What two processes combine to form the oxidative phosphorylation pathway?
List 3 reactants that go into oxidative phosphorylation and 3 products that come out.
Which have been oxidized and which reduced? Which have lost energy and which have gained energy?
What is chemiosmosis and what structure is used to do this? Why is chemiosmosis important?
What directly powers chemiosmosis? What role do the electron transport chain (ETC) enzymes play in this
process?
What is the electron donor (gets oxidized) and the electron acceptor (gets reduced) in cellular respiration?
What is the primary reason that living organisms do cellular respiration?
Write the summary equation for photosynthesis.
Where within the plant and algae cells does photosynthesis occur?
Where does the energy come from to power photosynthesis?
Overall, is photosynthesis exergonic or endergonic, catabolic or anabolic, oxidation or reduction?
Describe the nature of light (electromagnetic) energy. Is light kinetic or potential energy?
What part of the electromagnetic spectrum powers photosynthesis? What role do accessory pigments play?
Describe photosystems. Where are they located, what do they do and what do they produce?
What is the difference between photosystem I and photosystem II? Which is necessary for photosynthesis?
Describe the structure of chloroplasts. Tell where each stage of photosynthesis occurs.

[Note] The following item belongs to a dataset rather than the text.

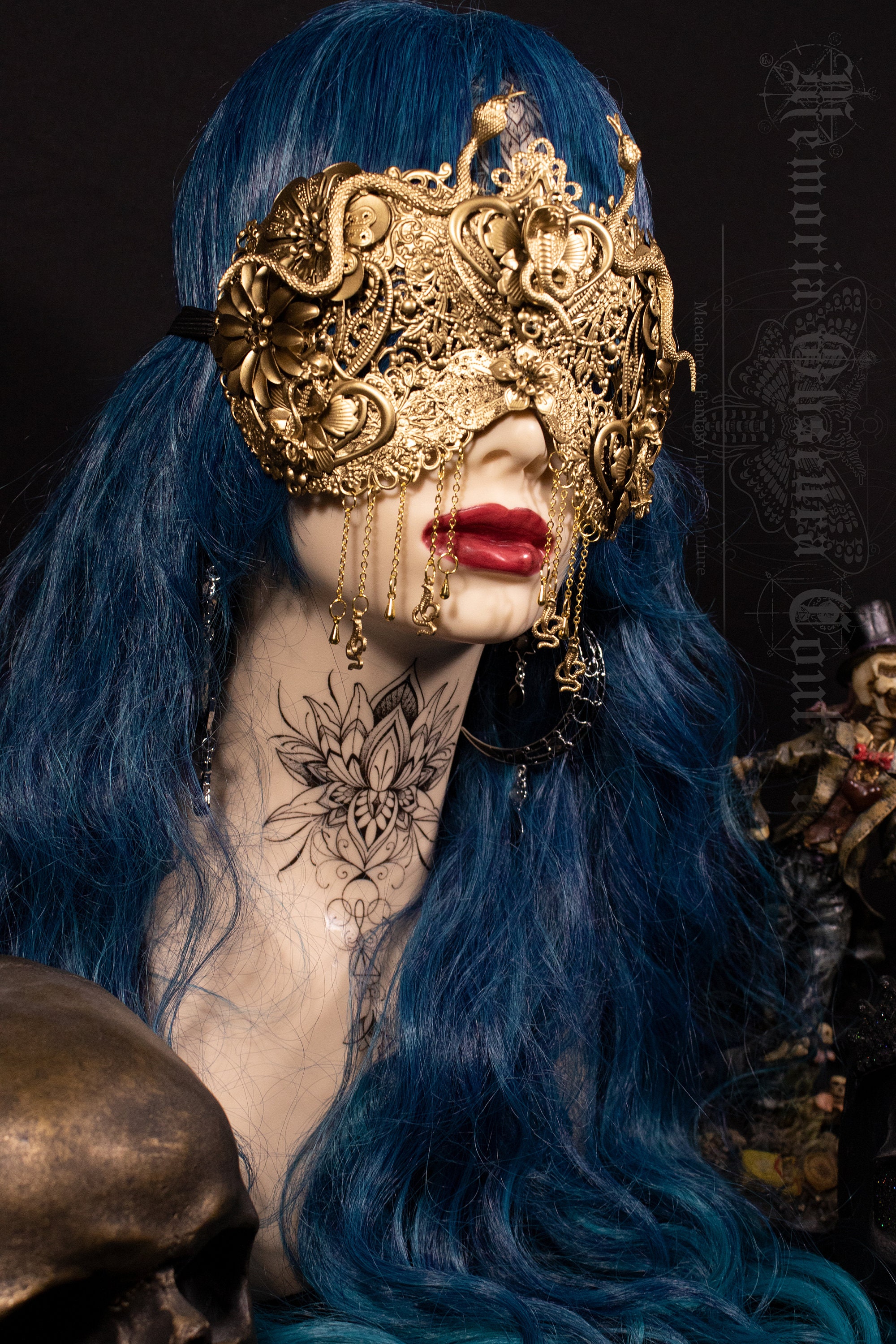 Blind optic mask decorated with filigree metal ornaments, chains and snakes that stretch around on it.

List the 3 steps, or stages, in the light reactions of photosynthesis.
Follow an electron through both photosystems. How is chemiosmosis related to the photosystems?
List 3 reactants that go into the light reactions (+ energy) and 3 products that come out.
What form of energy goes into the light reactions and what form of energy comes out?
Which molecule is oxidized and which molecule is reduced in the light reactions of photosynthesis?
What is the importance of chemiosmosis in photosynthesis?
Overall, what happens in the Calvin cycle (dark reactions) of photosynthesis and where does it occur?
List 3 reactants that go into the dark reactions and 3 products that come out.
Which molecule is oxidized and which molecule is reduced in the dark reactions?
Overall in photosynthesis, which molecule is oxidized (electron donor) and which is reduced (electron
acceptor)? Which form of energy goes in and which form of energy comes out?
Define photorespiration and tell how it is related to environmental factors that regulate photosynthesis.
Describe two ways that some plants have evolved to avoid photorespiration.
List the key events, in order, as biologists think they occurred in the evolution of metabolic diversity.
Describe the endosymbiotic hypothesis. What cell organelles do we think originated this way?